Items from a dataset
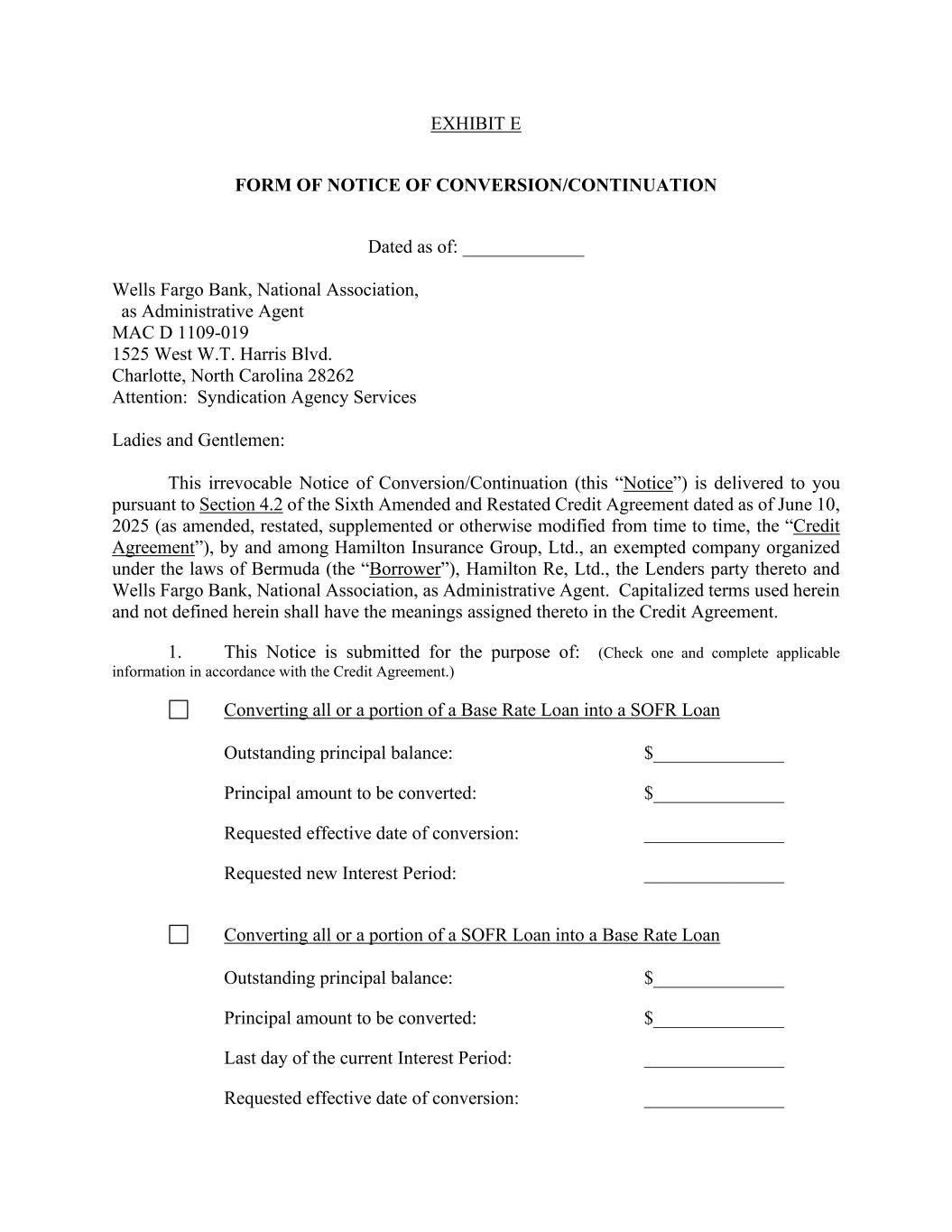 EXHIBIT E FORM OF NOTICE OF CONVERSION/CONTINUATION Dated as of: _____________ Wells Fargo Bank, National Association, as Administrative Agent MAC D 1109-019 1525 West W.T. Harris Blvd. Charlotte, North Carolina 28262 Attention: Syndication Agency Services Ladies and Gentlemen: This irrevocable Notice of Conversion/Continuation (this “Notice”) is delivered to you pursuant to Section 4.2 of the Sixth Amended and Restated Credit Agreement dated as of June 10, 2025 (as amended, restated, supplemented or otherwise modified from time to time, the “Credit Agreement”), by and among Hamilton Insurance Group, Ltd., an exempted company organized under the laws of Bermuda (the “Borrower”), Hamilton Re, Ltd., the Lenders party thereto and Wells Fargo Bank, National Association, as Administrative Agent. Capitalized terms used herein and not defined herein shall have the meanings assigned thereto in the Credit Agreement. 1. This Notice is submitted for the purpose of: (Check one and complete applicable information in accordance with the Credit Agreement.) Converting all or a portion of a Base Rate Loan into a SOFR Loan Outstanding principal balance: $______________ Principal amount to be converted: $______________ Requested effective date of conversion: _______________ Requested new Interest Period: _______________ Converting all or a portion of a SOFR Loan into a Base Rate Loan Outstanding principal balance: $______________ Principal amount to be converted: $______________ Last day of the current Interest Period: _______________ Requested effective date of conversion: _______________
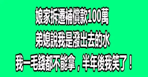 娘家拆遷補償款100萬,弟媳說我是潑出去的水,我一毛錢都不可以拿,半年後我笑了!
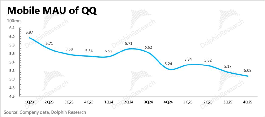 四季度微信用户14.18亿,环比净增400万,稳定扩张但节奏放缓。QQ没啥好说的,继续下滑。
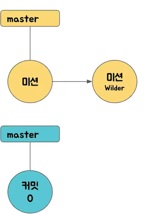fast-forward merge의 조건은 두 브랜치 커밋의 베이스가 같아야하는 것이다. 이번 상황에선 두 브랜치의 커밋 베이스가 다르다
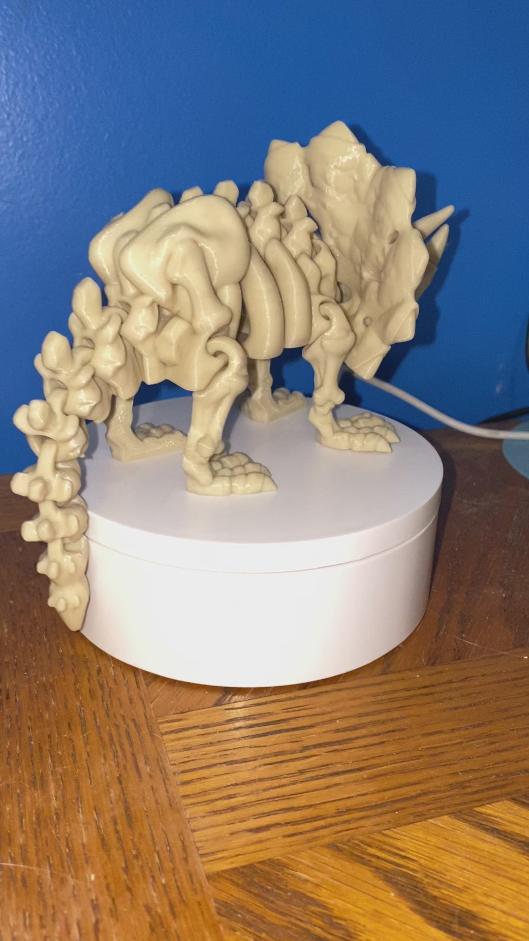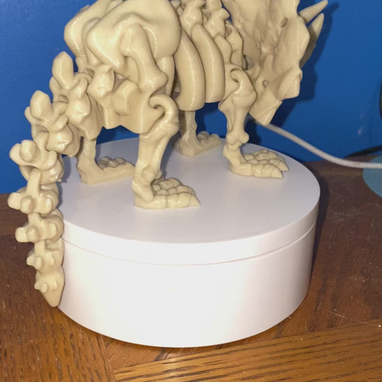 We are pleased to introduce the Skeleton Triceratops, a fully articulated collectible that combines both charm and versatility. Crafted by the talented team at Flexi Factory, this delightful piece stands 3.5 inches tall, measures 3.5 inches wide, and spans 9 inches in length, making it an ideal gift for any dinosaur enthusiast. The Triceratops is available with an optional stand in elegant black or warm brown, and you also have the option to select the color of the Triceratops itself.
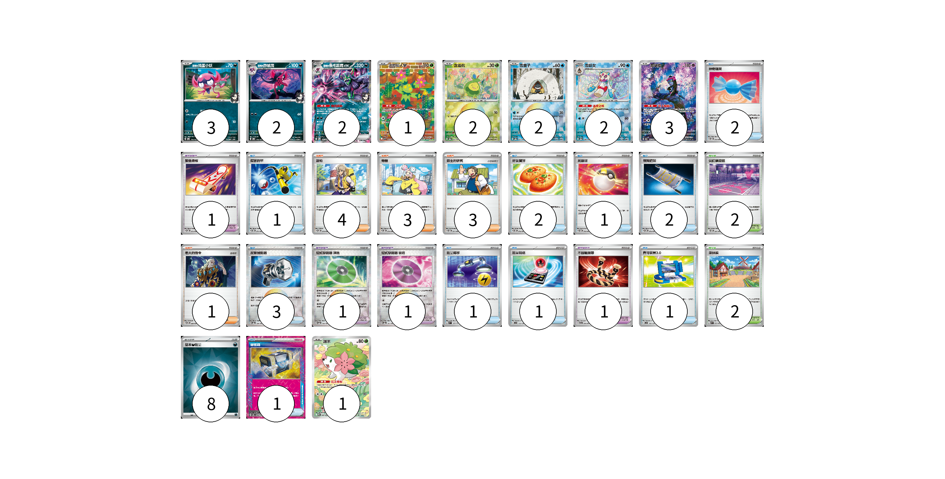 牌組構築方案 以此牌組為基礎新構築牌組 顯示卡面 顯示列表 寶可夢卡(18) 3 2 2 1 2 2 2 3 1 寶可夢道具(4) 1 1 1 1 物品卡(15) 2 1 2 1 2 3 1 1 1 1 支援者卡(11) 4 3 3 1 競技場卡(4) 2 2 能量卡(8) 8 寶可夢卡(18) 卡牌名稱 張數 卡牌名稱 張數 <瑪俐的>搗蛋小妖 SVOM 005/021 03 <瑪俐的>詐唬魔 SVOM 006/021 02 <瑪俐的>長毛巨魔ex SVOM 007/021 02 沙鈴仙人掌 SV9 101/100 01 含羞苞 SV8a 001/187 02 雪童子 SV8a 037/187 02 雪妖女 SV8a 038/187 02 願增猿 SV6 107/101 03 謝米 SV9a 066/063 01 寶可夢道具(4) 卡牌名稱 張數 卡牌名稱 張數 緊急滑板 SVOD 015/020 01 招式學習器 演進 SV8a 160/187 01 招式學習器 衰退 SV8a 161/187 01 不服輸頭帶 SVTL 016/021 01 物品卡(15) 卡牌名稱 張數 卡牌名稱 張數 神奇糖果 SVOD 013/020 02 厲害釣竿 SVOM 011/021 01 好友寶芬 SVOM 012/021 02 高級球 SVOM 013/021 01 夜間擔架 SVOM 016/021 02 反擊捕捉器 SV8a 139/187 03 能量轉移 SVM 127/175 01 能量輸送 SVD 112/139 01 寶可裝置3.0 SVD 121/139 01 秘密箱 SV6 092/101 01 支援者卡(11) 卡牌名稱 張數 卡牌名稱 張數 派帕 SVOD 018/020 04 奇樹 SVOD 016/020 03 博士的研究 SVOD 017/020 03 老大的指令 SVOM 020/021 01 競技場卡(4) 卡牌名稱 張數 卡牌名稱 張數 尖釘鎮道館 SVOM 021/021 02 深缽鎮 SVK 039/042 02 能量卡(8) 卡牌名稱 張數 卡牌名稱 張數 基本【惡】能量 SVOM DAR 08 以此牌組為基礎新構築牌組 牌組編碼 KhbENj-PNbXtY-OJjlpH copy 列印牌組單 牌組編碼已複製 分享至SNS
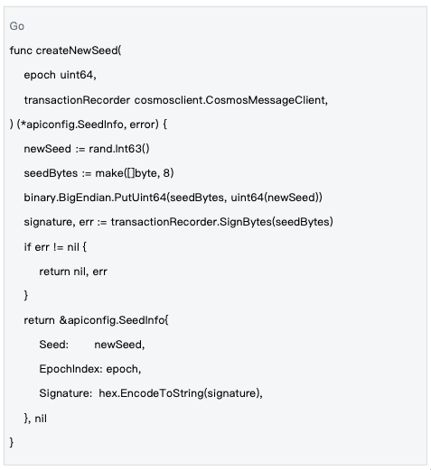 Management mechanism : Seeds are managed at the epoch level. A new seed is generated at the beginning of each epoch and synchronized to the entire network through blockchain transactions to ensure that all nodes use the same randomness base.
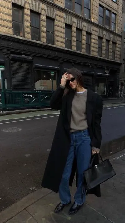 Формула идеального весеннего образа: пальто + джемпер + джинсы + лоферы🪞 Дополняем образ очками (ведь солнце наконец-то радует!) и вместительной сумкой, и классный повседневный лук готов! пальто дж
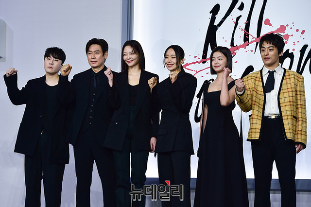 감독 변성현(왼쪽부터), 배우 설경구, 이솜, 전도연, 김시아, 구교환이 21일 오전 서울 강남구 그랜드 인터컨티넨탈 파르나스 서울에서 열린 넷플릭스 영화 '길복순' 제작보고회에서 포즈를 취하고 있다.
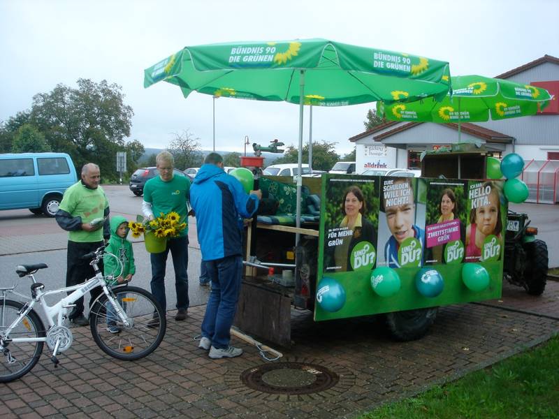 Die Aktion stieß überall auf Begeisterung, wo der grüne „Service-Truck“ vorbeikam. Für die Kinder hatten wir verschiedene kleinere Geschenke wie Luftballons oder Brausepulver im Gepäck und die Erwachsenen versorgten wir mit Informations-Broschüren, sofern gewünscht. Der Damenwelt überreichten wir Sonnenblumen, was ebenfalls guten Anklang fand. Dass in der heißen Phase des Bundestagswahlkampfes auch die eine oder andere politische Diskussion geführt wurde, versteht sich von selbst. Am Ende der Aktion waren alle zufrieden und überzeugt davon, etwas Positives auf die Beine gestellt zu haben.
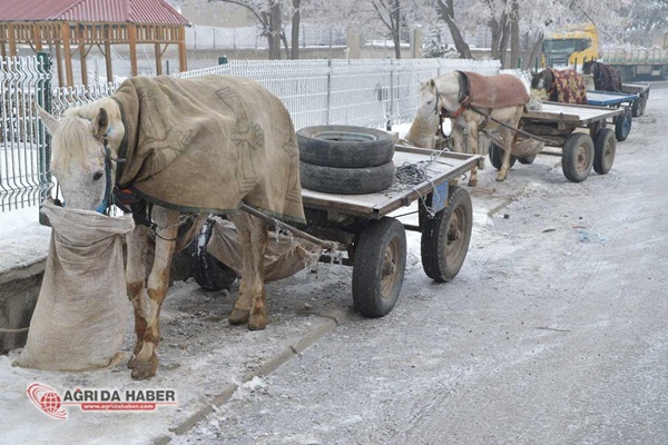 Kentte taşımacılık yapılan atların üstleri havanın soğuk olmasından dolayı sahipleri tarafından battaniye ile örtülerek atlar soğuk havadan korumaya çalışıldı.
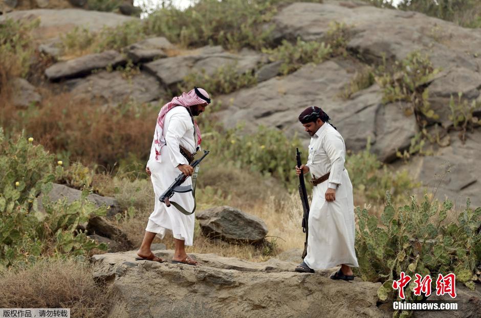图为两名持枪的沙特志愿者。
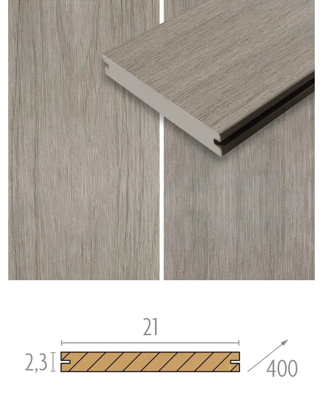 Les planches de terrasse Multigrey Light sont conçues pour apporter une élégance naturelle à votre jardin ou balcon. Mesurant 2,3 cm d'épaisseur et 21 cm de largeur avec une longueur de 4 mètres, elles offrent une installation robuste et fiable. Leur couleur grise légèrement boisée ajoute une touche de modernité et d'élégance naturelle, s'intégrant parfaitement à diverses conceptions extérieures.
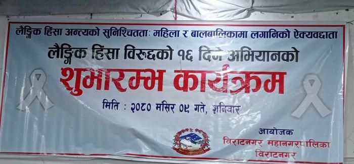 विराटनगर, ९ मंसिर ।लैगिक हिंसिा विरुद्धको १६ दिने अभियानलाई कोठामा मात्र सिमित राखेर भाषण गरेर मात्र सार्थक नहुने भन्दै यसको रुप परिवर्तन गर्नु पर्ने ...
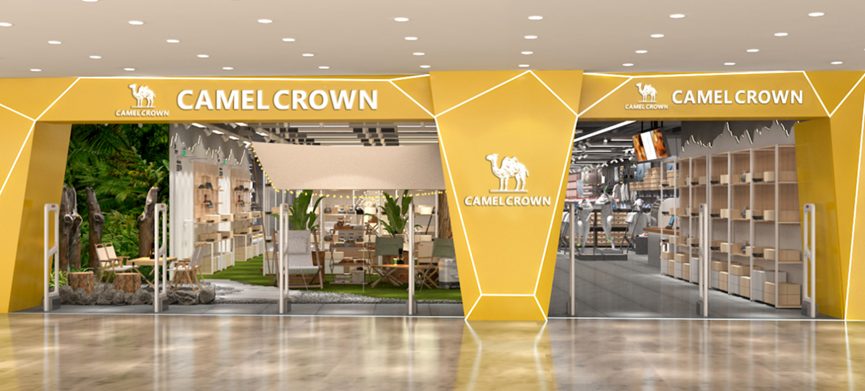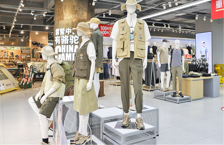 走進華南的購物中心,駱駝的戶外運動城已頗為顯眼。超1000平米的店面,有意設計為一塊“沙漠主題”沈浸式體驗場地,沖鋒衣、防曬衣、工裝鞋、旅行包、帳篷、露營桌椅等戶外產品,一應俱全。甚至在現場,還會打造一整套的露營場景。
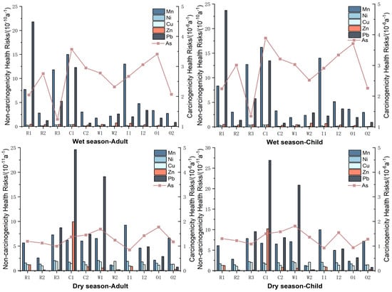 According to the evaluation methods and health assessment models published by the EPA of the US, heavy metals in water bodies primarily expose humans through drinking water and skin contact [,]. Human health risks are assessed for both adults and children and are categorized into chemical carcinogenic risks and non-carcinogenic risks [].
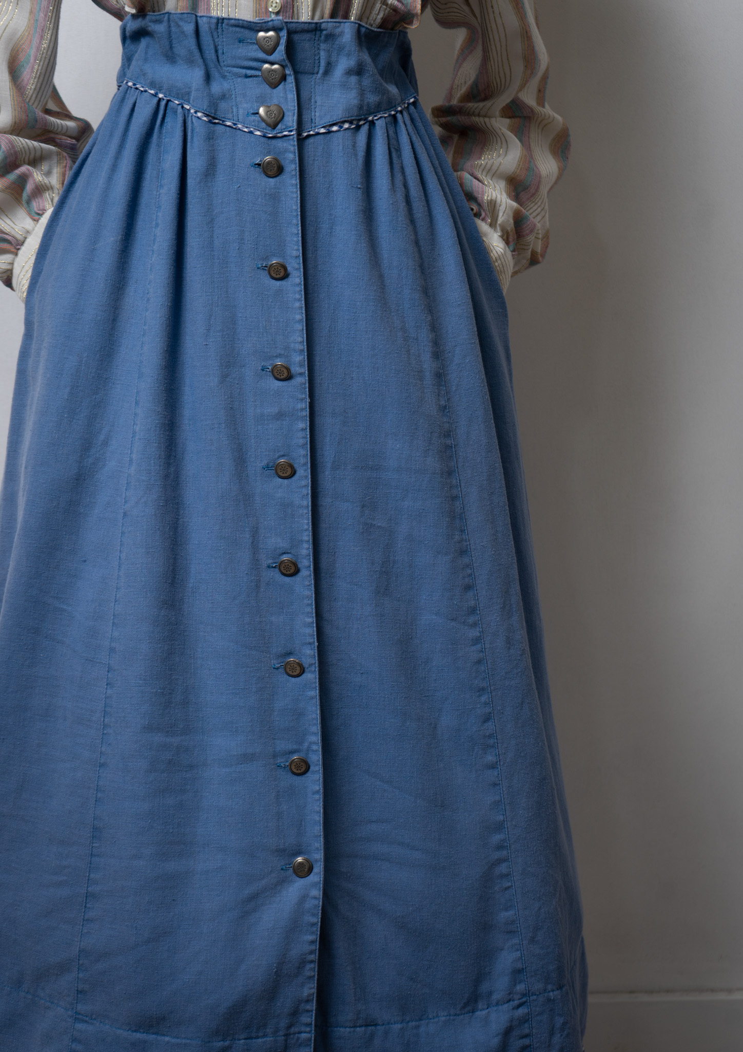 90's Point Blue Gingham Check Pattern × Heart Button Skirt
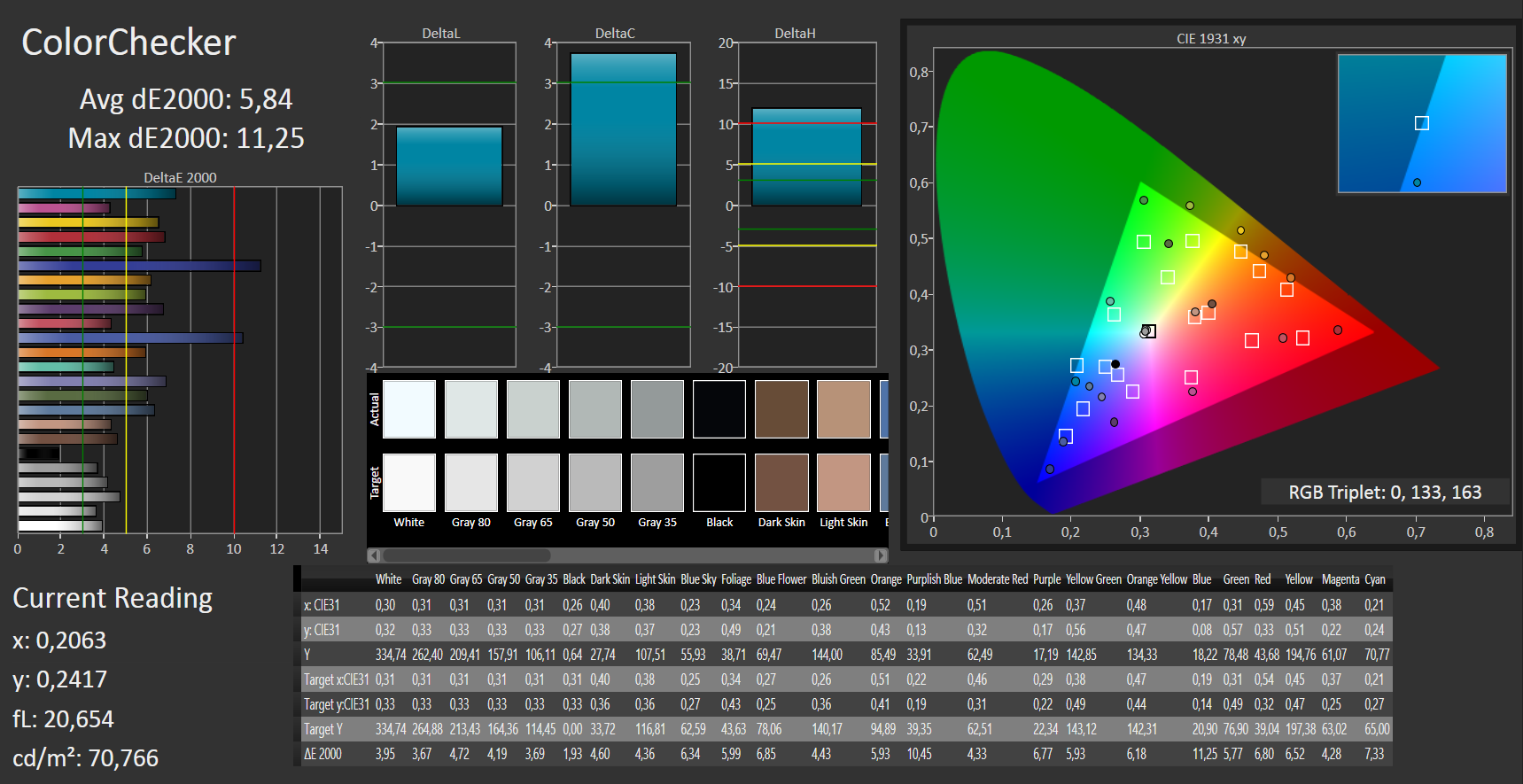 ΔE ColorChecker Calman: 5.84 | ∀{0.5-29.43 Ø4.78}

Assignment: Leave out every picture, and copy exactly the lines above starting at the one holding "विराटनगर, ९ मंसिर" and ending at the one holding "走進華南的購物中心,駱駝的戶", no more and no less.

Answer box:
 विराटनगर, ९ मंसिर ।लैगिक हिंसिा विरुद्धको १६ दिने अभियानलाई कोठामा मात्र सिमित राखेर भाषण गरेर मात्र सार्थक नहुने भन्दै यसको रुप परिवर्तन गर्नु पर्ने ...
 走進華南的購物中心,駱駝的戶外運動城已頗為顯眼。超1000平米的店面,有意設計為一塊“沙漠主題”沈浸式體驗場地,沖鋒衣、防曬衣、工裝鞋、旅行包、帳篷、露營桌椅等戶外產品,一應俱全。甚至在現場,還會打造一整套的露營場景。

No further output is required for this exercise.